А хозяин опять начал занимать их разговором:
— Чем ловят крыс, мышей и кротов? Крысоловками, мышеловками и капканами. Кто есть крот? Это есть самый главный еретик оранжевого цвета — цвета адского пламени. С нами бог! Они сейчас придут. Хе-хе! Выпьем! Налей! Душа горит! Выпьем! Трое славных реформатских проповедничков… то есть, я хотел сказать, трое славных, храбрых солдатиков, могучих, как дубы… Выпьем! Вы не хотите пройти с ними в лагерь главного еретика? У меня есть пропуски, подписанные им самим… Посмотрите, как солдатики будут действовать.
— Ну что ж, сходим, — согласился Уленшпигель.
— Уж они маху не дадут! Ночью, ежели ничто не помешает… — тут хозяин присвистнул и сделал такое движение, будто хотел кому-то перерезать горло. Стальной ветер не даст больше петь нассаускому дрозду. А посему давайте выпьем!
— Веселый же ты человек, хотя и женатый! — заметил Уленшпигель.

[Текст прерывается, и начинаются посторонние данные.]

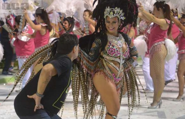 "El 10" participó de la celebridad junto a su familia en el corsódromo Nolo Arias. "La sangre tira, Corrientes es la tierra de mis padres", dijo Diego.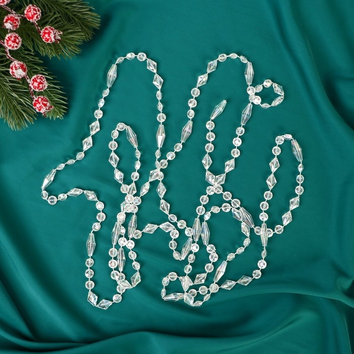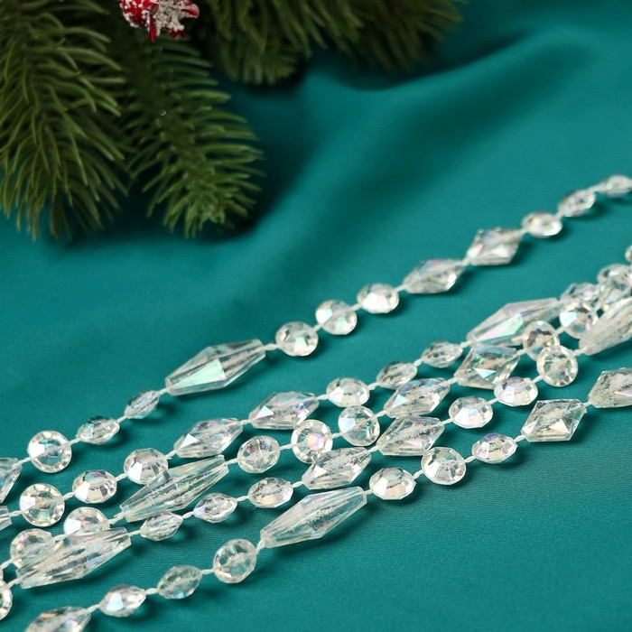Бусы на ёлку 2,7 м d-9 мм "Льдинка" ромбик три диска, прозрачный перламутр

— Я не женат и никогда не женюсь, — возразил хозяин. — Я храню государственные тайны. Выпьем? Жена выведает их у меня в постели, чтобы отправить меня на виселицу и овдоветь раньше, чем того захочет природа. Они придут вот как бог свят… Где мои новые пропуски? На моем христианском сердце. А ну, хлопнем! Они там, там, в трехстах шагах отсюда на дороге, близ Марш-ле-Дам. Вон они, видите? А ну, хлопнем!
— Хлопни, хлопни! — сказал Уленшпигель. — Я пью за короля, за герцога, за проповедников, за Стальной ветер, за тебя, за себя, за вино и за бутылку. Что же ты не пьешь?
При каждой здравице Уленшпигель наливал хозяину полный стакан, а тот пил до дна.
Испытующе посмотрев на хозяина, Уленшпигель наконец встал.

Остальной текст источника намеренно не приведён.